Edith’in hayatı mesleğinin dışında düzenli değildir. Yaşadığı sürece aşkı bekler. Dostlukları, ihtirasları, geçici ilişkileri ve özellikle de aşkları birbirine karışmıştır. Birini bırakmadan bir başkasına geçer. Aşkta birtakım ilkeleri vardır, özellikle de ayrılma konusunda. Hiçbir erkek de değiştiremez bu tarafını. Önce aldatır, sonra ne yapacağını düşünür. Bazen bunu onlara söyler, bazen de yüzlerine bakıp gülmekle yetinir. “Erkeksiz bir ev olacak şey değil Momone. Güneşsiz bir günden de beter. Güneşten vazgeçebilirsin, ışığı var. Ama bir köşesinde erkek mintanı sürünmeyen, bir çift erkek çorabına, boyunbağına rastlanmayan iskemlesinde bırakılmış ıpılık bir erkek ceketi bulunmayan ev, dul karı evidir, orada efkâr basar insana…”

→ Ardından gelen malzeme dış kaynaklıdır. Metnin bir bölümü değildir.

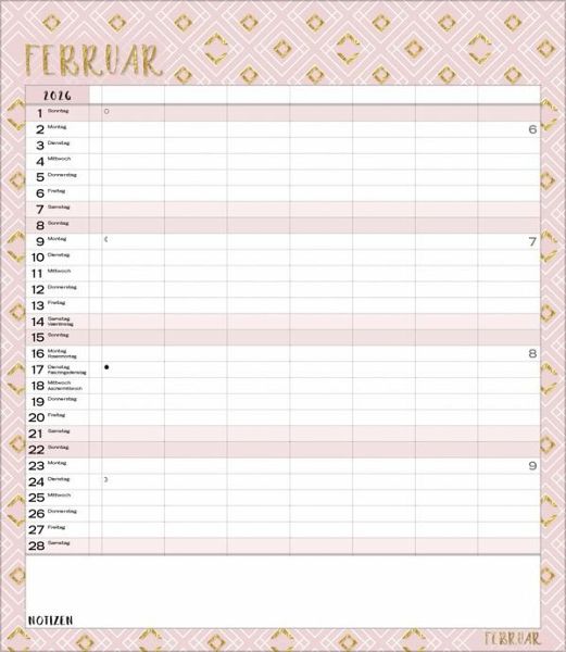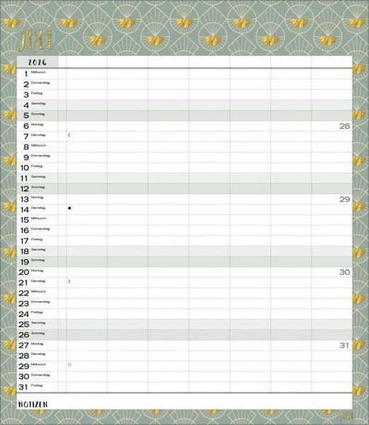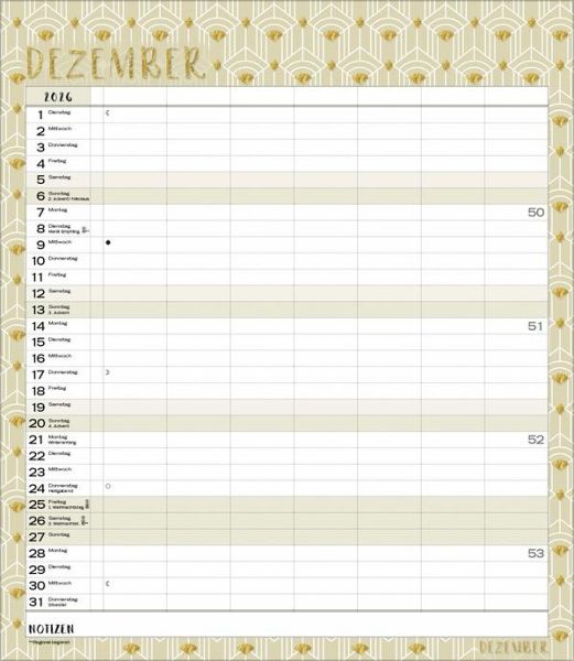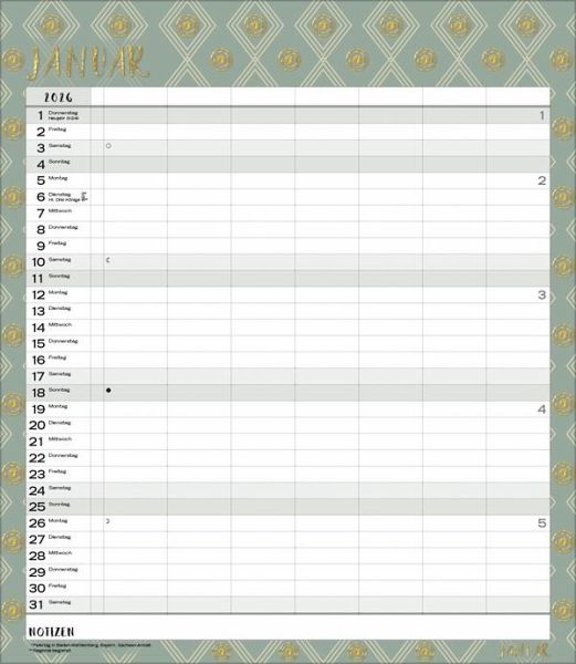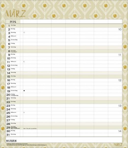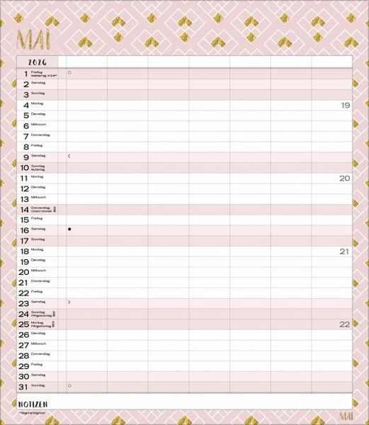 Bringen Sie etwas Glamour in Ihren Alltag! Zarte Pastelltöne und edles Schwarz treffen auf geometrische Trendmuster, Typoart und Grafiken im Goldglitter-Look. Setzen Sie Ihre Termine glamourös in Szene und profitieren Sie zugleich von der hohen Funktionalität eines modernen Terminplaners: Mit sieben Spalten zum Eintragen von Geburtstagen, Terminen und Erinnerungen bietet der Multiplaner viel Platz für Notizen. Damit ist es auch möglich mehrere Termine in einen Tag zu schreiben. Der Organisation des Alltags von großen und kleinen Familien steht somit nix mehr im Weg. Neben dem gesamten Kalenderjahr enthält der Wandplaner auch eine Vorschau bis März des Folgejahres.
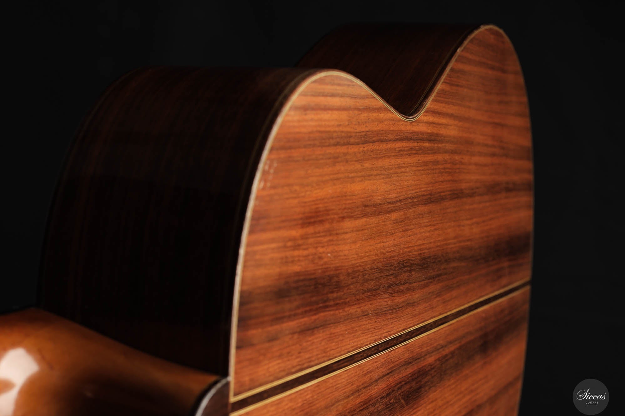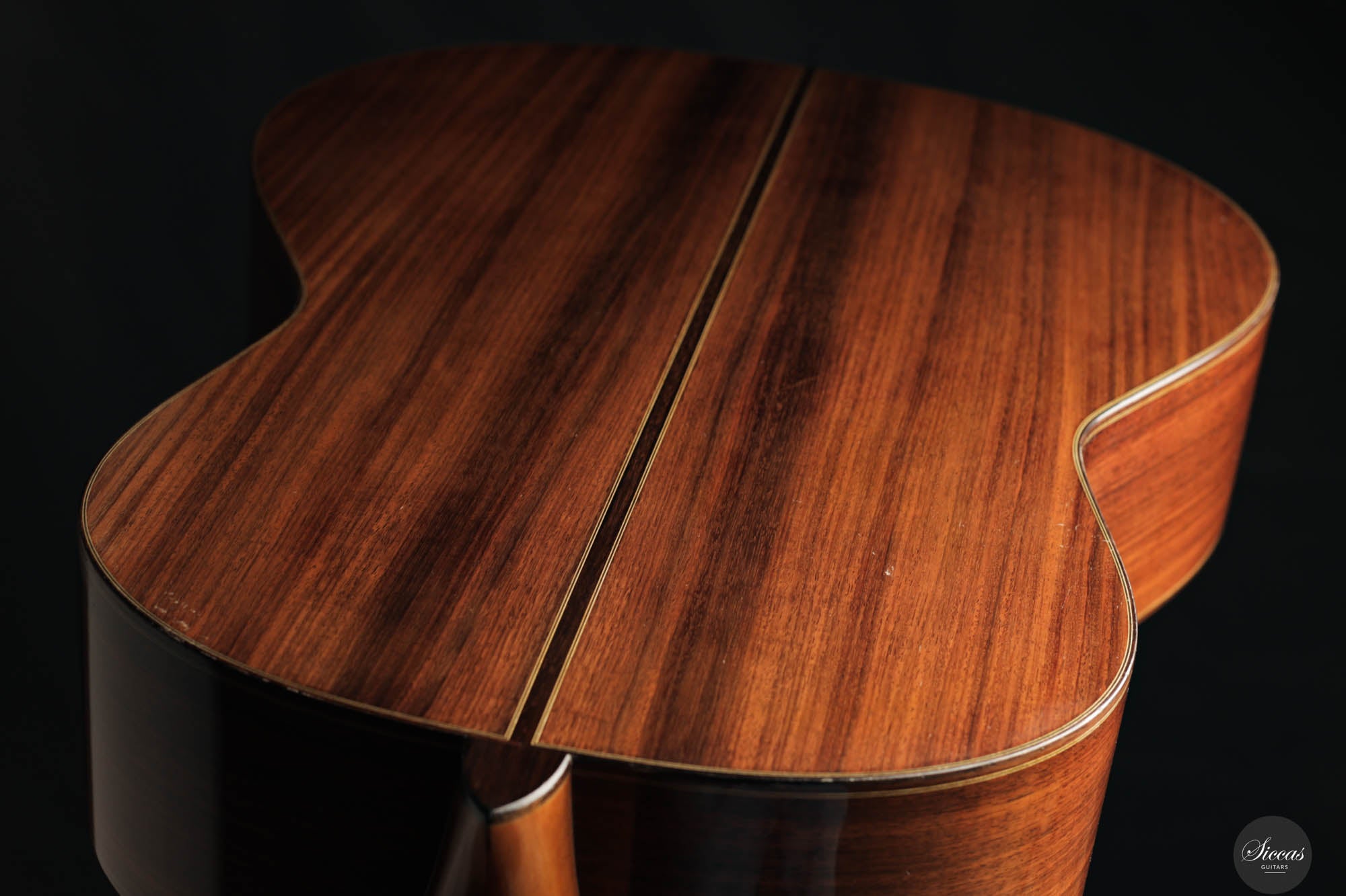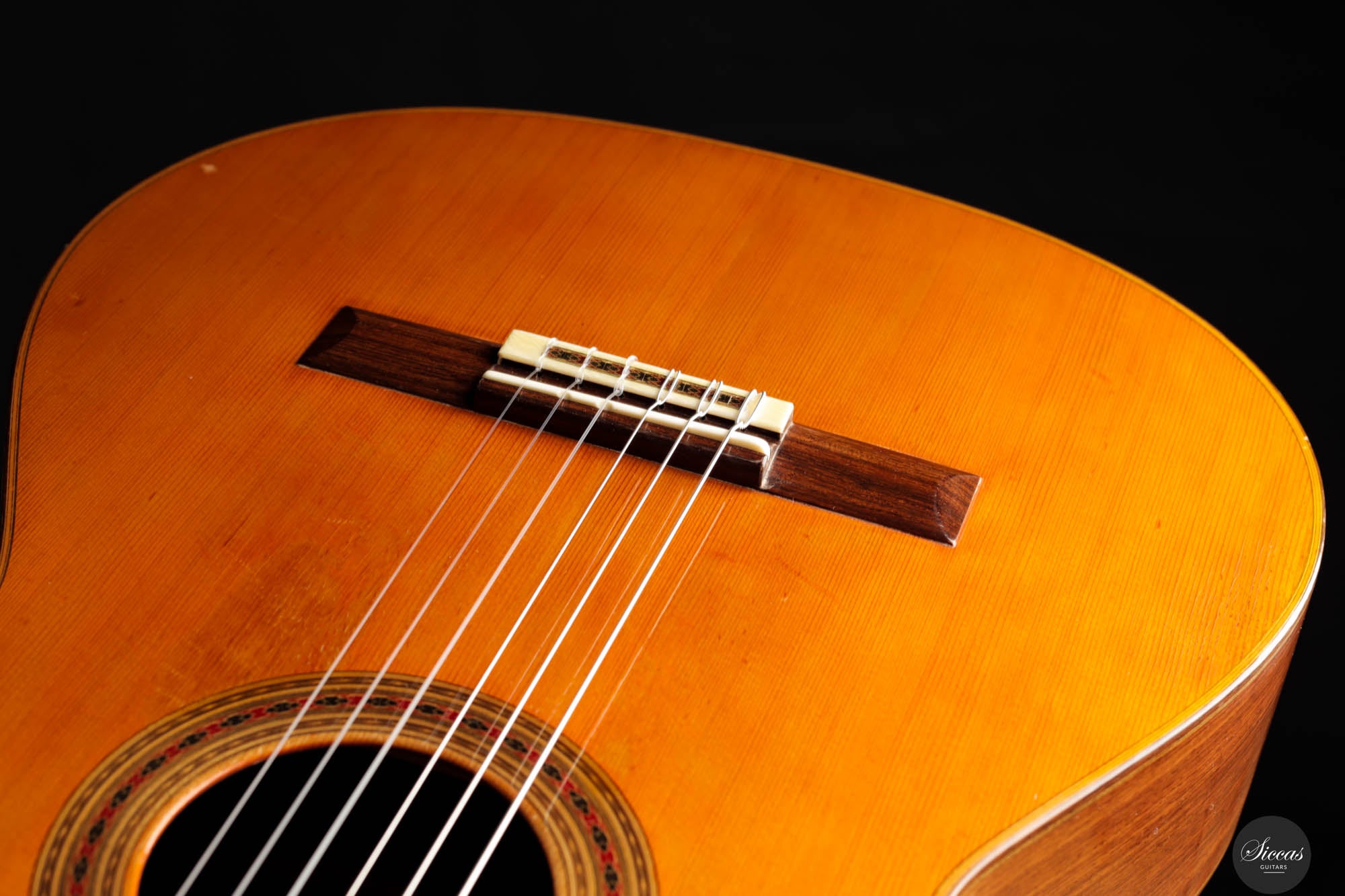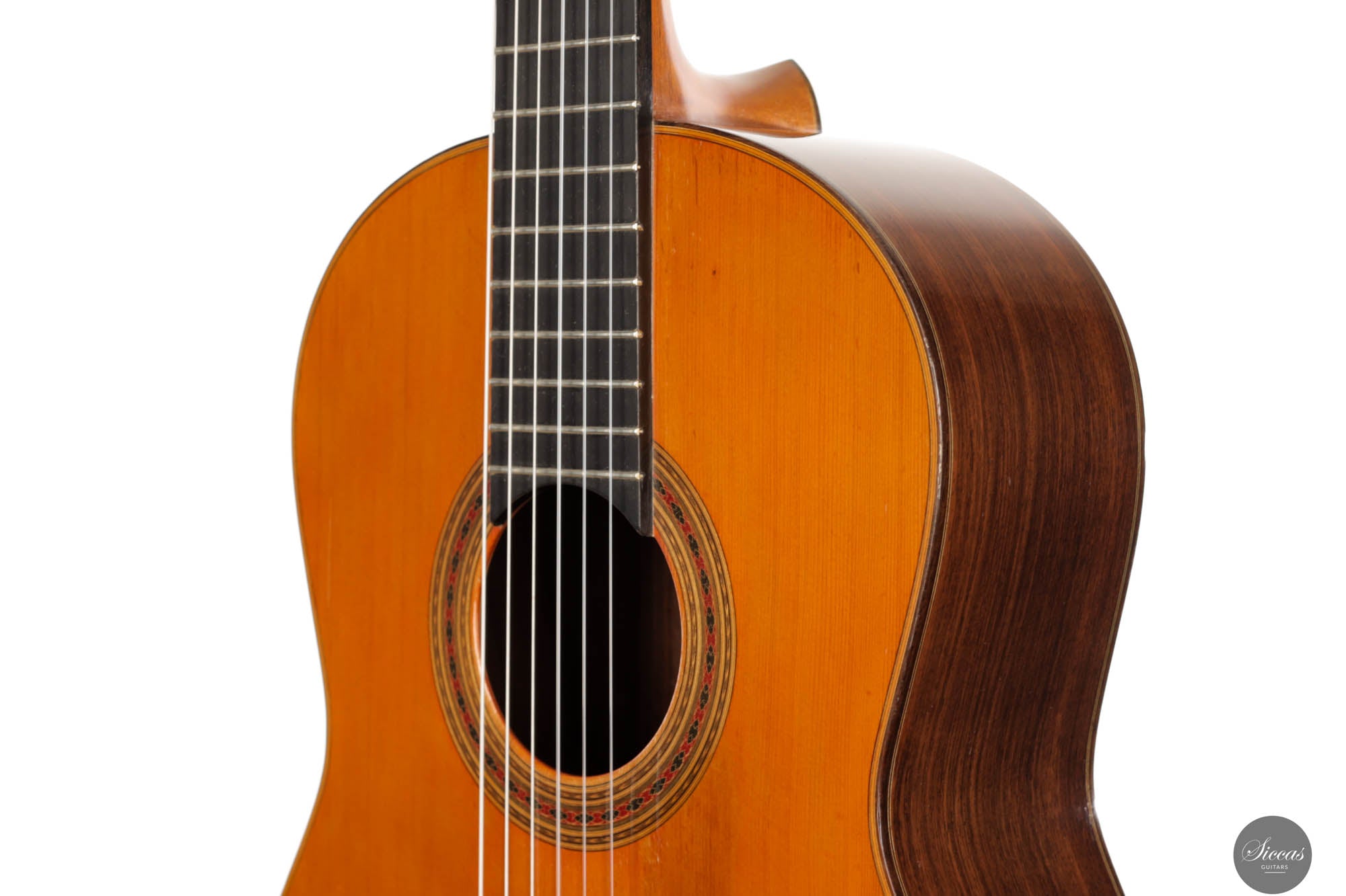 The aesthetic and acoustic beauty of this guitar is further elevated by its Indian rosewood back, a material renowned for its visual and tonal richness. The sides, doubled with mahogany, enhance the guitar's sound projection and resonance, contributing to its full-bodied character. The condition of this guitar is exemplary, with its original integrity preserved, barring several finishing retouch. It remains free from cracks or repairs. Owning the 1994 Daniel Friederich “Concert Model” No. 725 is not just about possessing a high-caliber guitar; it's about embracing a piece of history from one of the most revered guitar makers of our time. This instrument is not merely an object of beauty and sound; it is a legacy, a treasure for any musician or collector who appreciates the artistry and history embedded within the world of classical guitars.

Tüm şarkılarında acıyı sonuna dek hissettirmiştir. Zaten onu oluşturan şey, muhtemelen bunca acıyı çekmesiydi. 14 Ekim 1963 günü Paris Edith Piaf ‘ın ardından ağlar. O, Fransa’nın en çok sevilen sanatçısı, her şeyden öte Fransa’nın bir ikonu olur. Vasiyeti üzerine Paris’e getirilir. Minik Serçe’nin cenazesine tam kırk bin kişi katılır.
Orijinali 1969 yılında basılan Kaldırım Serçesi, Türkiye’de ilk baskısını 1975 yılında E Yayınları’ndan yapar. Sadece müzisyenler için değil, hayatta bir hedefe ulaşmak, başarılı olmak isteyen herkese hitap eden bir tarafı var bu kitabın. Sanatçının müziğe, hayata bakışını da çok iyi ve akıcı bir üslupla anlatıyor. Hayatta herhangi bir şey için bile olsa hedefe kolay ulaşılmadığını, cesaret, hırs ve kararlılığın öyküsünü görmek, bir efsanenin hayatının detaylarını öğrenmek için… Daha önce okuduysanız bir kez de hafızanızı tazelemek için okuyun, çünkü bu dünyaya Edith Piaf bir kere gelir.